Russia's imposition this week of its own "sanctions" against nine U.S. Senators and administration figures reveals its true weakness. Of course, being banned from visiting Russia is hardly a hardship at all, most people would not willingly want to visit that dreary country anyway. And Russia didn't even bother with "asset freezes," as no sane person would willingly risk their savings in any of Russia's financially struggling banks.
But the Kremlin's laughable attempt to react to the limited sanctions Obama has imposed so far reveal both the depth of Moscow's fear and vulnerability. Russia's feeble economy is already facing severe strains, and real sanctions with bite could push it over a cliff.
Russia enjoyed eight years of solid economic growth before the global financial crisis. But it was almost all based on rising energy prices, as Russia’s economy is woefully dependent on oil and gas exports. Otherwise, Russia produces little that it can export for cash.
Since the 2008 crisis, economic growth has been notably anemic – 1.3% for 2013, and analysts at VTB Bank are forecasting zero growth for 2014 and recession later in the year. And the Finance Ministry has calculated that Russia needs the oil price to remain above $100 in order to balance the budget.
Russia’s structurally feeble economy is further weakened by corruption, wasteful spending, and capital flight. And as oil futures prices indicate, the market is expecting lower prices going forward. And they could decline even more as new extraction technologies bring more oil and gas to market.
Against this backdrop, the future already looked grim for Russia. Corruption and waste are heavy burdens on the state budget. And the Kremlin needs to indulge in increased social spending to maintain the loyalty of key constituencies, including government employees and pensioners.
Russia does have substantial reserves it put away when oil prices were higher. But much of that money has already been squandered on large scale “prestige” projects. For example, Putin allocated over $50 billion to stage the Sochi Olympics. But now that the mascots have been put away, Sochi is a white elephant which will never recover any of the massive funds invested in Putin’s games.
And Crimea is going to put heavy new burdens on Russia’s stretched finances. Russia is in a very precarious position, and despite the Kremlin’s bravado, it is extremely vulnerable to the right sanctions. Putin’s cronies may bravely mock the visa restrictions and asset freezes Obama has imposed to date – they don’t have U.S. bank accounts and probably can live without visiting Disney World for the foreseeable future.
But Obama has potentially powerful weapons in his sanctions arsenal. Iran is a case in point. Cutting off access to the world financial system has brought even the toughest mullahs to the negotiating table. And sanctions on Russia’s energy exports could literally “make the economy scream.”

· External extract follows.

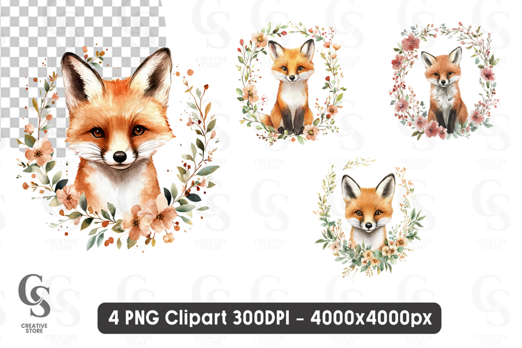 4 Cute Fox with Floral Wreath Watercolor Clipart Sublimation PNG Files Perfect for Greeting Cards, Invitations, Junk Journal, Party Decor, Scrapbooking and many other craft projects.
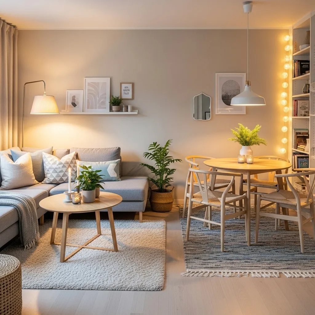 Scandinavian design is perfect for small spaces because it blends simplicity with warmth. Use light woods, neutral fabrics, and minimal decor to divide the living and dining zones naturally. The calm palette helps the room feel open and airy, while textures—like knitted throws and woven baskets—add cozy charm.

The ruble is already down almost 20% since last fall, and Russia’s equity markets are in a freefall, even as global indices are reaching record highs.
Putin’s social compact has always been this – a plentiful trough for the bureaucrats to feed from, and rising incomes for the general population. This economic machine is already stalling, and well placed sanctions could deliver it a fatal blow. Russia’s middle class may love Putin’s apparent projection of strength, but his weakness is that they are not ready to endure economic hardship for his foreign adventures.
Putin may have expected his “conquest” of Crimea to permanently cement his power, but his miscalculation may in fact lead to “Maidan” in Moscow if either the oligarchs or the populace turn on his system. The open question right now is whether President Obama will use sanctions with real bite merely to deter Putin from further intrusions on Ukrainian soil, or as a means to pry Crimea back out of Putin's paws.